One thing to note about that, that reading you just, the moment you just showed, with Donald Trump reading Michelle Fields` initial statement. He`s reading it in the same dramatic voice that he reads "The Snake", the lyrics of "The Snake" which he often recites to his crowds as a -- he was reading it in a dramatic voice, let`s put it that way.

Corey Lewandowski, though, has been with the campaign a little over a year. He was with the campaign before Donald Trump announced his candidacy. At the time, he was seen as a lightweight operative who was heading or with a campaign that didn`t have a very good chance of making it to the nomination. Now, he`s on the verge of getting the nomination and Corey Lewandowski is being credited with a lot of that for simply doing what a lot of campaign managers would not do, letting Donald Trump be Donald Trump even in the face of controversy after controversy after controversy.

I think you laid it out really well, though, the campaign said he did not touch Michelle Fields. Then Donald Trump said, if he did touch her, there would be video, and now, today, he`s blaming Michelle Fields saying she started it. So, even though the campaign said there was no video. Even though I asked Donald Trump whether there would be consequences, it does not seem like there will be consequences now that there`s video and a police charge -- Chris.

HAYES: All right. NBC`s Katy Tur, thanks so much for joining me. Appreciate it.

After news of the Lewandowski`s arrest broke today, Trump`s rivals suggested they would have handled the situation very differently.


SEN. TED CRUZ (R-TX), PRESIDENTIAL CANDIDATE: It is not complicated. Physically assaulting a reporter is a fireable offense. And that ought to be the case in any campaign that is maintaining a standard of integrity.

GOV. JOHN KASICH (R-OH), PRESIDENTIAL CANDIDATE: We probably would suspend somebody. You know, it would depend what it is and what the evidence was. But when we see things that we think are inappropriate, we take action.


HAYES: Joining me now, Bradford Cohen, a Trump supporter and an attorney for Corey Lewandowski.

Mr. Cohen, this tweet, "You are totally delusional, Ms. Fields. I never touched you. As a matter of fact, I never even met you." You have to concede that that is not true.

BRADFORD COHEN, TRUMP SUPPORTER: Well, what I concede is, when I looked at the video, is that, it occurred over half a second. If you`re at a baseball game and you brush against someone and someone the next day says, "I was thrown to the ground" or "I was almost thrown to the ground", you`re going to say that person is delusional because certainly, it is delusional.


HAYES: Just to be clear, "I never -- I never touched you" is not true, right? We`re looking at the tape right now of him touching her.

COHEN: It certainly looks like he brushes by her and like I said before, he doesn`t even know who she is at the time.

HAYES: Do you realize that denying these basic things make you guys seem crazy. It makes you guys delusional if you won`t just concede the thing that we`re all looking at.

COHEN: No, it doesn`t actually.

HAYES: We`re all looking at this video.

COHEN: No.

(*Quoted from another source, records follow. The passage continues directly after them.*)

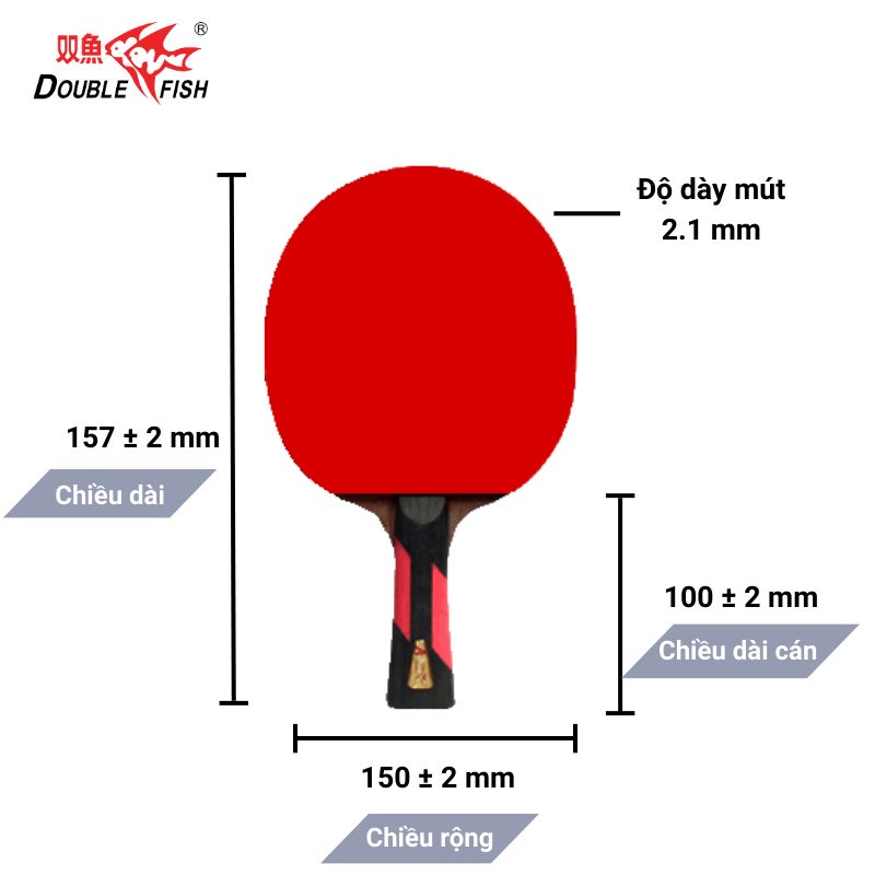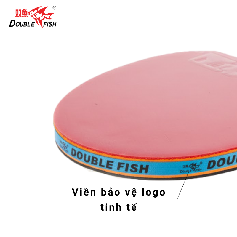 Viền vợt: Băng bảo vệ xanh dương sáng, in chữ Double Fish chạy quanh mép.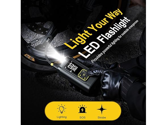 - 🖥️【Precision Digital Control, Zero Guesswork】Achieve perfect pressure with absolute ease. The air pump for car tires has large LCD screen accurately displays real-time and preset readings in multiple units (PSI/BAR/KG/CM²) with tire pressure gauge. A clear battery indicator ensures you're never surprised by a low charge, putting you in complete control
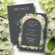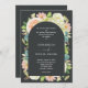 Toutes les invitations de mariage en une seule présentent les détails de votre cérémonie sur le devant et plus de détails sur le dos en lettres blanches chic. Belles fleurs d'aquarelle - hydrangées blanches et vertes, roses roses et crème, marguerites, petites tiges et feuilles - sur le devant avec vos infos sur une couverture voûtée foncée. CORRESPONDRE des articles dans notre magasin.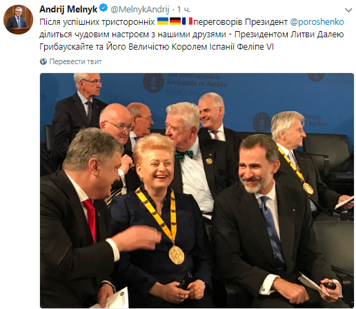 "После успешных трехсторонних переговоров Президент Петр Порошенко делится отличным настроением с нашими друзьями - президентом Литвы Далей Грибаускайте и Его Величеством Королем Испании Фелипе VI", - сообщил дипломат.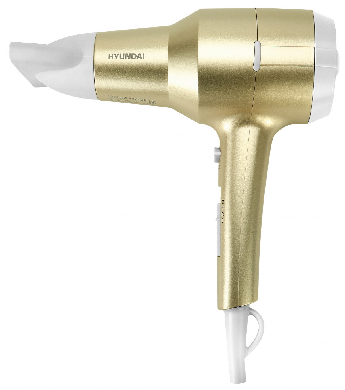 Модель: H-HDI0770. Вес товара: 0.472. Бренд: HYUNDAI. PartNumber/Артикул Производителя: H-HDI0770. Глубина товара: 85. Мощность: 1800. Ионизация: ДА. Концентратор: ДА. Съемная защитная решетка: ДА. Петля для подвешивания: ДА. Цвет: шампань. Длина сетевого шнура: 1.8. Дополнительный цвет: шампань. Дорожный фен: ДА. Тип мотора: DC. Форма: пистолет. Длина упаковки (ед): 0.36. Ширина упаковки (ед): 0.17. Высота упаковки (ед): 0.07. Габариты упаковки (ед) ДхШхВ: 0.36x0.17x0.07. Вес упаковки (ед): 0.613. Объем упаковки (ед): 0.004284. Ширина товара: 225. Высота товара: 267. EANCode: 14630114804282.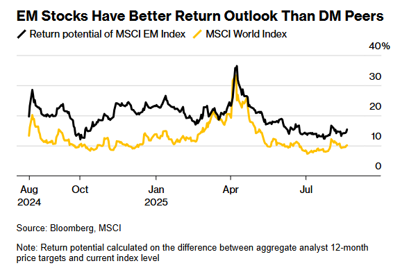根据对业内分析师的调查预估,MSCI新兴市场股票指数在未来12个月预计将上涨约15%,而其发达市场同类指数涨幅预计将仅为10%。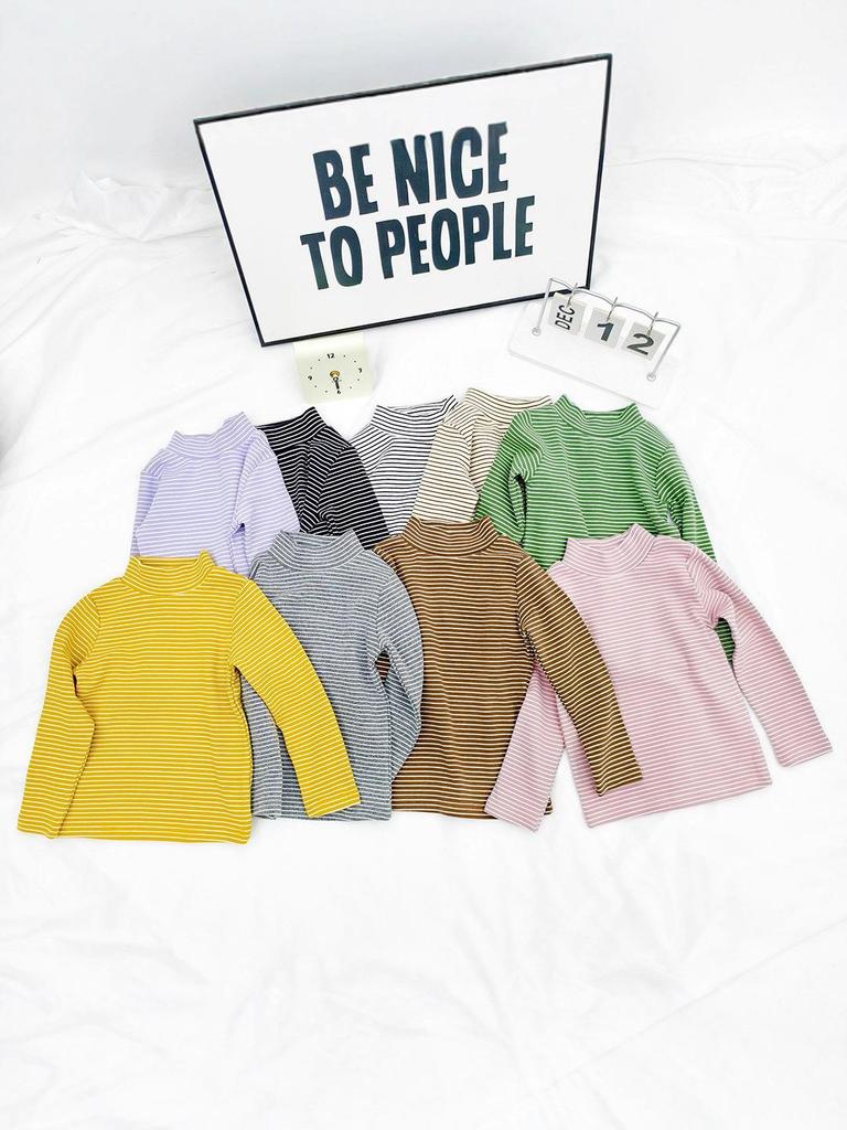 This cozy long sleeve T-shirt is perfect for both kids and parents, featuring a stylish striped design. Crafted from soft, high-quality cotton, it ensures warmth and comfort during the cooler autumn and winter months. The semi-high collar offers additional coverage, while the elastic layer enhances the fit, making it a practical and fashionable choice for family outings or relaxed days at home.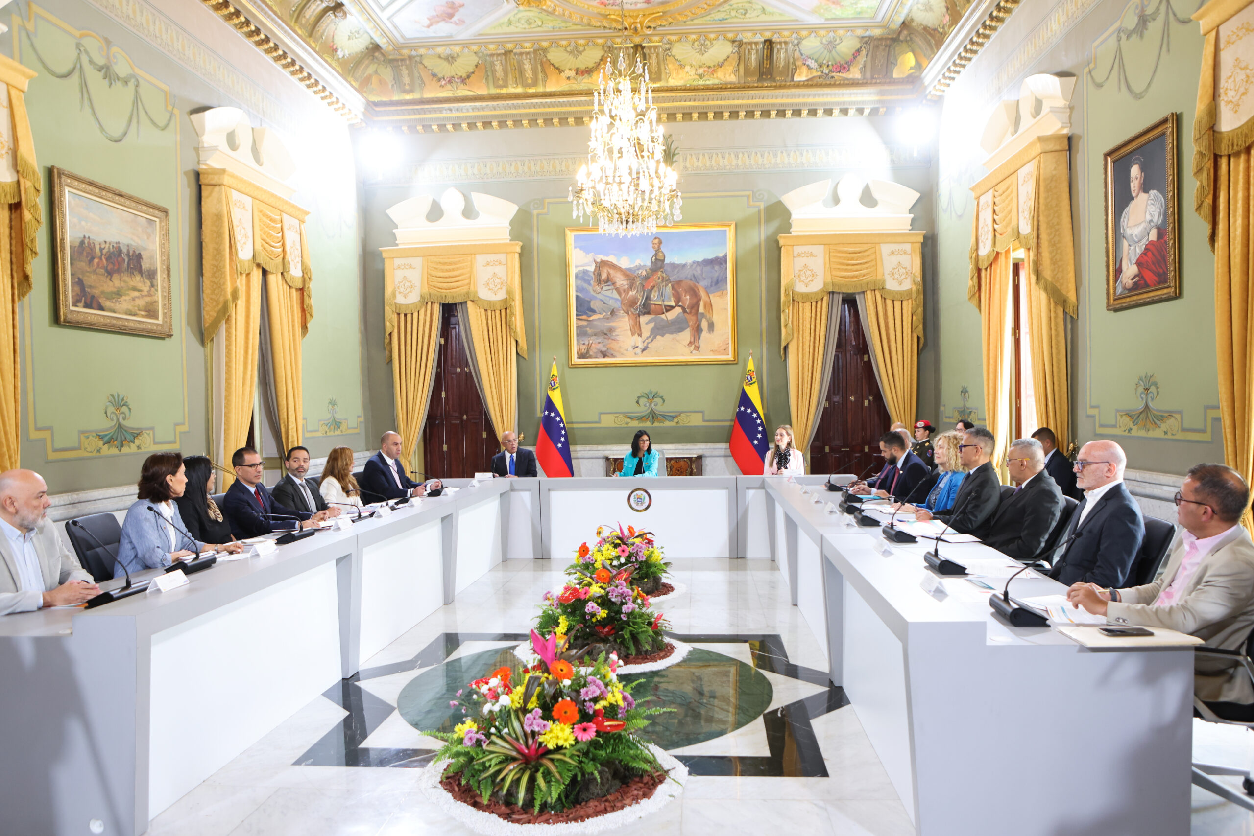 Caracas, Venezuela. – Desde el Salón Sol del Perú, del Palacio de Miraflores, la presidenta encargada de la República Bolivariana de Venezuela, Delcy Rodríguez, lideró el acto de instalación de la Comisión para la Gran Consulta Nacional sobre la Reforma de la Justicia Penal.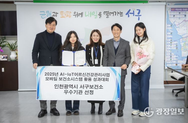 광장일보 주재영 기자 | 인천 서구보건소는 한국사회보장정보원이 주최한 ‘2025년 모바일 보건소 활용 성과대회’에서 AI-IoT기반 어르신 건강관리사업 운영 성과를 인정받아 우수기관으로 선정됐다고 밝혔다.

Yes, let me explain something to you. If he knew who she was, it would be a different situation. He had no idea who she is. He brushes up against someone and he keeps walking.

HAYES: Do you --

COHEN: The next day someone says she was thrown to the ground, which is a complete not true statement.

HAYES: She doesn`t say that. She said almost, she said almost --

COHEN: She says that she stumbled, she was pulled forward.


HAYES: Almost thrown to the ground.

COHEN: Right.

HAYES: Do you guys think that she`s making up the bruises?

COHEN: I have no idea where the bruises came from. We have no idea where those bruises came from. It certainly doesn`t appear that those bruises came from something that occurred on that video. If everybody looks at that video, it is extremely at the best inconclusive.

HAYES: Mr. Cohen --

COHEN: That video shows him brushing by her.

HAYES: Mr. Cohen, it does not show him brushing by her. It shows him grabbing her.

But second of all, do you understand how it sounds? When you say that a woman who shows bruises after being grabbed by a man who is the campaign manager from Donald Trump, quote, "We don`t know where those bruises came from", do you understand how that registers to people`s ears?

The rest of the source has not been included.